The Mojave saw the Mormons on their way
to sainthood, and a simple life with many wives.
They named the native cactus for a tree –
Joshuas with upheld arms invoking
Jahweh for some cause that only
trees could know. Seeing plants would
keep the faith, they left for Utah.
Up at the Keys Ranch, the climate
for ideas as this is colder and Joshuas
are rare. The last humans died
in 1969. The National Park
moved in. Recorded Time was paused.
Heritage became as good as gold.
We follow uniformed Naomi, Ranger
in Command, through the gate. Her green
sedan leads our plume of jeeps
to circle round a clearing. Our dust
cloud thins. The moment gathers in.
A joke about “them injuns” is suppressed.
Some sage reminds us that firearms
are banned in National Parks, for peace
is dear in these United States.
And Naomi says our 90 minute
tour on foot is dangerous enough.
“So keep together, take your water
bottles, and promise to avoid the snakes.”
She shakes a finger. “No hands
or feet to go where you can’t see.”
Though she’s amongst the youngest here,
we swiftly settle to the role of kids
She shows us when it all began –
indents in rock beside the trail show signs
that seeds and nuts spent seven
thousand years becoming flour,
ground by a people’s hands. This only
is their book. Hunters, readers of berries,
stars, footprints, they confided in their Gods
and wove themselves within. Leaving
no forwarding address, and silently,
they went in no more time than takes
a single life. I guess they hoped
the deserts of the world had places for a free
and wandering folk who share and care
for land as if it was their mother’s wombs.

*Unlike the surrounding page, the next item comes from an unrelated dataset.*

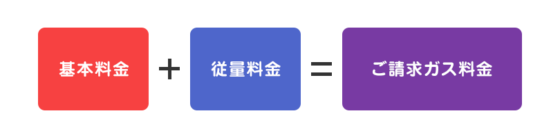 LPガスは地域によって料金体系が異なりますが、当社では主流な料金体系である二部料金制を採用しています。二部料金制とは下図のとおり、基本料金と従量料金からご請求金額を算出する料金制度です。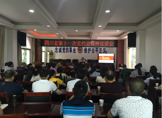 宣讲会首先向与会人员介绍了省十一次党代会概况,向大家讲明了中国共产党四川省第十一次代表大会于2017年5月24日至27日在成都胜利召开。大会审议通过了十届省委工作报告和省纪委工作报告,选举产生了四川出席党的十九大代表和新一届省委、省纪委。会上,王东明同志代表十届省委作了题为《紧密团结在以习近平同志为核心的党中央周围,建设美丽繁荣和谐四川、推动治蜀兴川再上新台阶》的工作报告。

Their patronyms remain: Serrano,
Chemehuevi, and Cahuilla – good names
and gone. They have no other story here.
They took their breath and bones
and left white faces in possession
for a brief syllable of time. Their story
fills the book. First, the Malcaneys
rustled cattle, and left for gold.
Then came the Keys. A simple dynasty
that dwindles through a steady 60 years –
one for each minute that Naomi’s tour
provides. How children came, and died,
how water gathered behind dams
and brought an orchard to this savage
paradise. How old man Keys avoided
jail because a writer paid for his defence
when he had killed a neighbour over title
to his land. And how they all had slowly died,
a testament to pale-faced laws of ever
diminishing returns. The wasting struggle
to survive becomes a beacon on the path
to nationhood; to learn, enjoy, relax.
Their home still stands, its lacey
curtains protecting privacy that’s gone.
The sheds still lean against the heat,
the lines of trucks, and tools, and rusty
cars that even then had come as junk.
The cookers, ranges, toilets – the mining
gear they salvaged from others’ short-held
and their red-eyed dreams – as gold glittered
in the creviced rock, the fragile streams.
Left to itself, the wood will bend
and warp, and termites take it all
to dust; the iron holding longer,
oxidizing down to remake rock,
and dry-as-prayer good earth.
The Park maintains it as it was, as if the words
were not a tale of pointlessness enough.
We notice Mark who gathers us together
as we near the end of our allotted
moment in the sun. He’s there to make
us leave no trace behind but what we bring
away, like any other ancient race.
He lives here now, trailered and alone,
a module base up on a distant world,
with aircon, shower, and fridge for steak
and beer. We almost do not see him,
but for his gentle way with keeping us in check.
He has no script, but guards the spirit
of a place he shares with snakes and scorpions.